Tabitha Moffatt Brown (May 1, 1780 – May 4, 1858) was an American pioneer colonist who traveled the Oregon Trail to the Oregon Country. There she assisted in the founding of Tualatin Academy, which would grow to become Pacific University in Forest Grove, Oregon. Brown was honored in 1987 by the Oregon Legislature as the "Mother of Oregon."

==Early life==
Born on May 1, 1780, in Brimfield, Massachusetts, Brown was the daughter of Lois Haynes Moffatt and Dr. Joseph Moffatt. She married the Reverend Clark Brown (1771–1817) on December 1, 1799. The pair raised three boys and one girl together until the reverend died in 1817. He was a Congregational minister, and later became an Episcopalian minister. The oldest son was Orus, followed by Manthano, John Mattacks, and finally a daughter, Pherne. John died at age six. Prior to John and Clark's deaths, the family lived in various locales, including Charles County, Maryland, where Clark is buried. Later the family moved to Missouri to follow Brown's brother-in-law Captain John Brown, a sea captain. She supported the family by teaching.

==Oregon journey==
Orus Brown went to the Oregon Country in 1843 and returned two years later to retrieve his family, his sister's family, and his now elderly mother and uncle. Manthano remained behind in Kansas. The trip began in April 1846 and the families remained united until they reached Fort Hall in what is now Idaho. While there they decided to use the Applegate Trail as they were informed it was a shortcut. Orus continued alone on the traditional route of the Oregon Trail.

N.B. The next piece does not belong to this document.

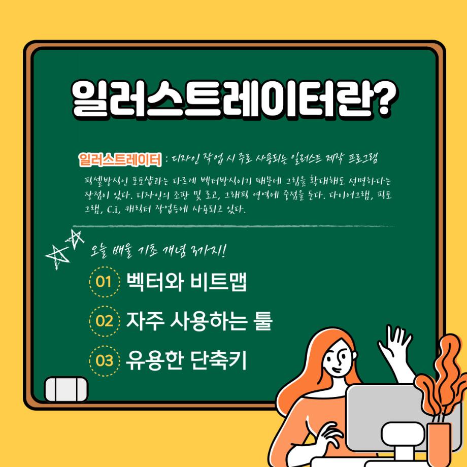 본문 시작 홈으로 학과자랑 학과소개 학과과정 시영소식 입학/취업 AI 학과자랑 SNS소통 홈페이지가이드 갤러리 학과자랑 갤러리 공모전 동아리 졸업전시회 갤러리 페이스북 트위터 프린트 예비 대학생을 위한 디자인 프로그램 설명 1탄 (일러스트레이터) 시각영상디자인학과 2311 2022-02-07 1학년때 배우는 디자인 툴 일러스트레이터입니다. 목록 이전AR/VR 연계전공 소개 카드뉴스 다음 예비 대학생을 위한 디자인 프로그램 설명 2탄 (포토샵) 담당부서 : 시각영상디자인학과 담당자 : - 연락처 : 043-649-1726 최종수정일 : 2024-10-26 만족도조사 만족도 조사 이 페이지에서 제공하는 정보에 대하여 만족하시나요? 매우만족 만족 보통 불만족 매우불만족
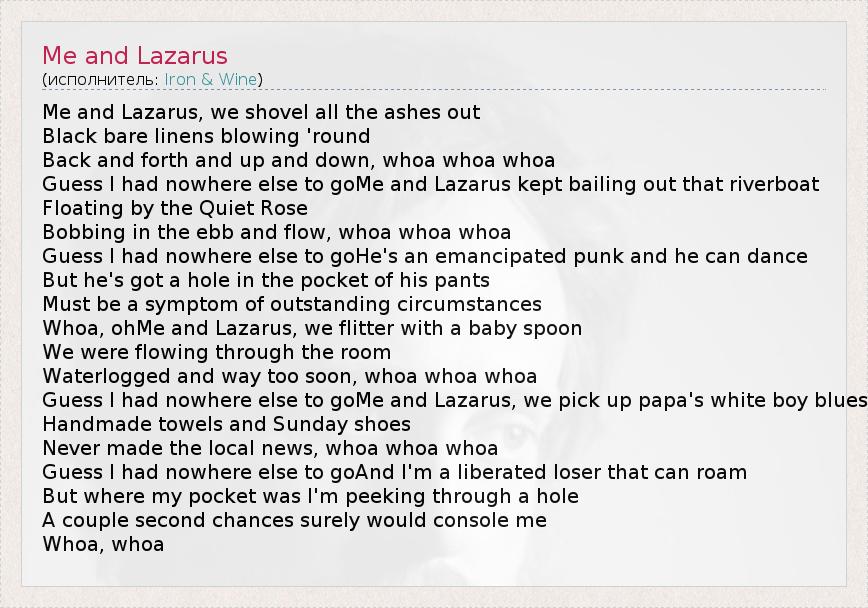 А как ты думаешь, о чем песня "Me and Lazarus" ?

A winter storm flooded parts of new path with rain, which delayed their arrival at the Willamette Valley. As winter set in, the family had still not reached the valley and they sent Pherne's husband Virgil Pringle to seek help from the settlers of the valley. On his way to Oregon City, Pringle ran into Orus, who was on his way to help with supplies. The two then returned and brought the rest of the family to the settlements on December 25, 1846.

==Later life==
Once in the Oregon Country, Tabitha Brown traveled between Oregon City and her daughter's home in Salem, and eventually settled in Forest Grove. She arrived fairly poor in the Willamette Valley, having only a single Spanish picayune coin, which she used to purchase sewing supplies. Some of her spare clothing was bartered with several Kalapuya to acquire buckskin. Brown began manufacturing gloves, which were purchased by fellow settlers and loggers, and soon she had earned $30. Later she helped found an orphanage with Harvey L. Clark. During the first year Brown had 30 wards to watch over, several being as old as 21, while their parents went south during the California Gold Rush. Then with Clark and the Rev. George H. Atkinson, they founded Tualatin Academy, which would grow to become Pacific University in Forest Grove. Brown died in Salem while living with her daughter on May 4, 1858. She is buried in Salem at the Pioneer Cemetery.

==Legacy==
There was a tree dedicated in her memory at Champoeg State Park, although at some point it was cut down. A World War II Liberty Ship built in 1942 was named in her honor. Brown's great-granddaughter, Mary Strong Kinney, was an Oregon State Senator.